Items from a dataset:
Start of Block

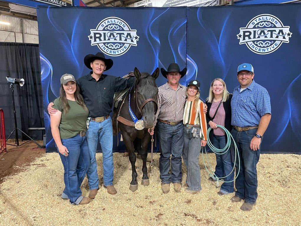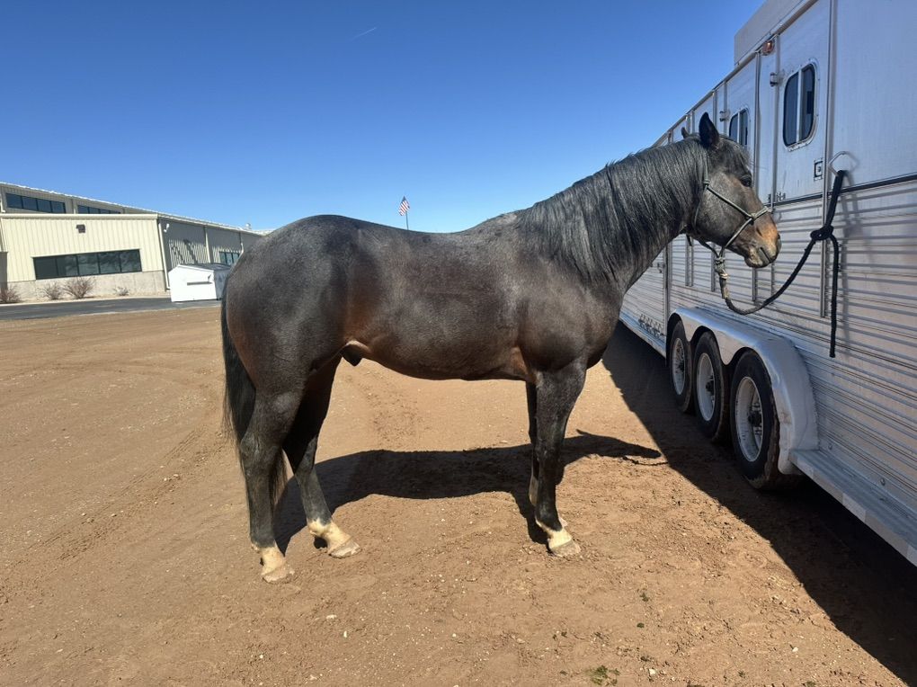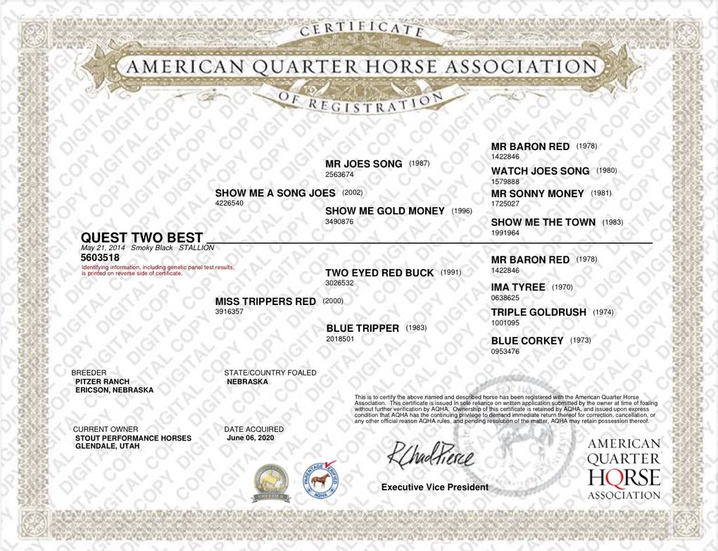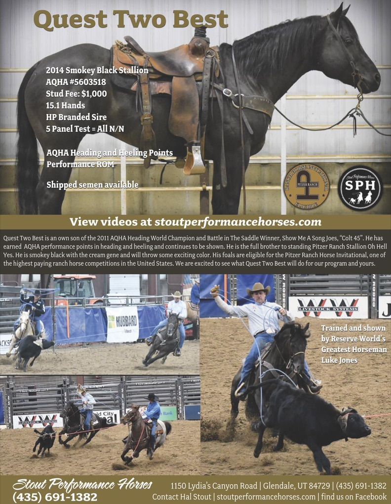 Quest Two Best is a 2014 smokey black AQHA stallion and throws lots of color (blacks, buckskins, palominos). He is a son of AQHA World Champion head horse Show Me A Song Joes. He is 15.1 hands and is 5 panel N/N. He won the 8.5 Riata Buckle Championship heeling in 2024. He has over $18,000 in official lifetime earnings (not counting jackpot and unofficial roping winnings). He has speed, athleticism and a great mind. His live cover breed fee is $1,000 with no other fees except mare care. We also offer shipped semen.
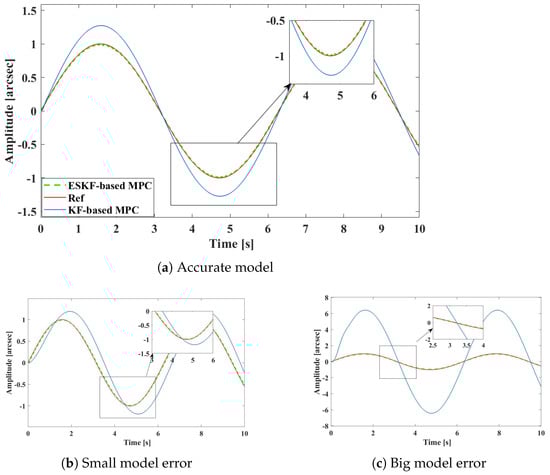 In the simulations, the tolerance to model errors and the disturbance suppression ability of the ESKF-based MPC were evaluated. Initially, in the absence of external disturbances, the model parameters of the controlled object state-transfer matric A in the closed-loop system were altered, as illustrated in Table 1. Under varying model conditions, the MPC method based on Kalman filters (KF-based MPC) exhibited increased amplitude and phase lagas, as shown in Figure 3. In contrast, the ESKF-based MPC method demonstrated superior tracking performance even when the model changed.
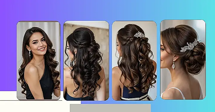 Check out those perfect curls and the sparkly bits tucked in! It’s like your hair got dressed up in its own fancy outfit. These little shiny pins and bouncy waves aren’t just decoration; they’re basically saying, “Get ready world, here comes someone who put some serious effort into looking amazing today!” You’d definitely feel ready to walk down an aisle, or maybe just strut into the cafeteria, looking like pure hair royalty.
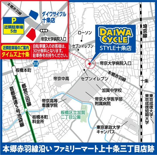 ダイワサイクルSTYLE十条店は、本郷赤羽線沿い、ファミリーマート上十条三丁目店跡に開店いたします。JR埼京線 十条駅から徒歩10分、帝京大学のすぐ近くに位置しており、通勤通学や、通院などの際にお立ち寄りいただきやすい立地となっております。空気入れ・お困りごとなどありましたらお気軽にお立ち寄りください。
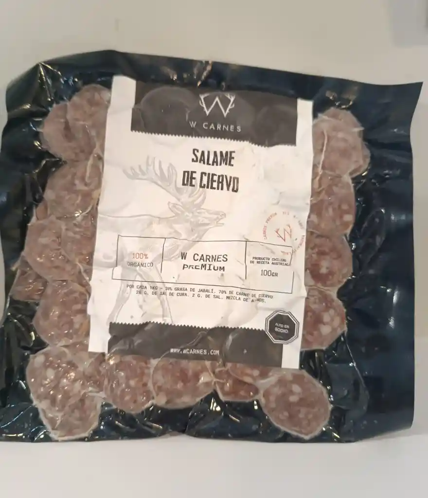 Embutido de carne de ciervo finalmente laminado. Producto Congelado

End of Block

Retype the data in full. Images do not go in the copy.

» ANSWER TO THIS PROBLEM
 Quest Two Best is a 2014 smokey black AQHA stallion and throws lots of color (blacks, buckskins, palominos). He is a son of AQHA World Champion head horse Show Me A Song Joes. He is 15.1 hands and is 5 panel N/N. He won the 8.5 Riata Buckle Championship heeling in 2024. He has over $18,000 in official lifetime earnings (not counting jackpot and unofficial roping winnings). He has speed, athleticism and a great mind. His live cover breed fee is $1,000 with no other fees except mare care. We also offer shipped semen.
 In the simulations, the tolerance to model errors and the disturbance suppression ability of the ESKF-based MPC were evaluated. Initially, in the absence of external disturbances, the model parameters of the controlled object state-transfer matric A in the closed-loop system were altered, as illustrated in Table 1. Under varying model conditions, the MPC method based on Kalman filters (KF-based MPC) exhibited increased amplitude and phase lagas, as shown in Figure 3. In contrast, the ESKF-based MPC method demonstrated superior tracking performance even when the model changed.
 Check out those perfect curls and the sparkly bits tucked in! It’s like your hair got dressed up in its own fancy outfit. These little shiny pins and bouncy waves aren’t just decoration; they’re basically saying, “Get ready world, here comes someone who put some serious effort into looking amazing today!” You’d definitely feel ready to walk down an aisle, or maybe just strut into the cafeteria, looking like pure hair royalty.
 ダイワサイクルSTYLE十条店は、本郷赤羽線沿い、ファミリーマート上十条三丁目店跡に開店いたします。JR埼京線 十条駅から徒歩10分、帝京大学のすぐ近くに位置しており、通勤通学や、通院などの際にお立ち寄りいただきやすい立地となっております。空気入れ・お困りごとなどありましたらお気軽にお立ち寄りください。
 Embutido de carne de ciervo finalmente laminado. Producto Congelado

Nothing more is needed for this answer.